OECD Secretary General Angel Gurria (L) talks as Norway Prime Minister Jens Stoltenberg (C) and OECD Chief Economist Pier Carlo Padoan listen during the presentation of the Economic Outlook during the OECD Week at the OECD headquarters in Paris on May 29, 2013. - AFP Photo
OECD Secretary General Angel Gurria (L) talks as Norway Prime Minister Jens Stoltenberg (C) and OECD Chief Economist Pier Carlo Padoan listen during the presentation of the Economic Outlook during the OECD Week at the OECD headquarters in Paris on May 29, 2013. - AFP Photo

PARIS: Growth in the world's advanced economies should pick up later this year but central banks need to keep monetary policy accommodative to ensure the recovery remains on track, the Organisation for Economic Cooperation and Development (OECD) said on Wednesday.

Nevertheless, in its latest semi-annual Economic Outlook report, the OECD cut its growth forecasts for most countries, with the notable exception of Japan which has launched a major stimulus programme.

“In the absence of adverse events, growth in advanced economies should strengthen gradually after the middle of 2013 and through 2014, helped by on-going support from accommodative monetary policies, improving financial market conditions and a gradual restoration of confidence,” said the OECD.
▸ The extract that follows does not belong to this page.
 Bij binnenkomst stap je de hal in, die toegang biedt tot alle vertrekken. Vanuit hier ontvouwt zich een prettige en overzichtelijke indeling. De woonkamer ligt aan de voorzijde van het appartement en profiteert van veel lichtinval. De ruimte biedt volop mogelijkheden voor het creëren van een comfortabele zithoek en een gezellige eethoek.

Emerging economies, led by China, should continue to grow at rates outperforming developed countries, the economic policy advisory body said for 34 of the world's advanced economies.
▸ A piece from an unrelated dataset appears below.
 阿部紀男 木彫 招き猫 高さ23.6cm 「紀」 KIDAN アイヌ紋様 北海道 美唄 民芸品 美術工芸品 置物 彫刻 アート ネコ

The OECD trimmed its forecast for the US economy to grow by 0.1 points to 1.9 percent on the impact of automatic spending cuts.

“After a sharp bounce-back in activity in the first months of 2013, GDP is now expanding at a moderate pace,” said the report, with growth held back by tax increases and the poorly-targeted automatic spending cuts.

Nevertheless the OECD expects the US recovery to gather pace and held its 2014 forecast at 2.8 per cent.

The organisation warned “protracted weakness” in the crisis-hit eurozone “could evolve into stagnation with negative implications for the global economy.”

In the eurozone “activity is still falling, reflecting ongoing fiscal consolidation, weak confidence and tight credit conditions, especially in the periphery,” said the OECD, which now sees a 0.6 per cent contraction for this year from 0.1 per cent previously.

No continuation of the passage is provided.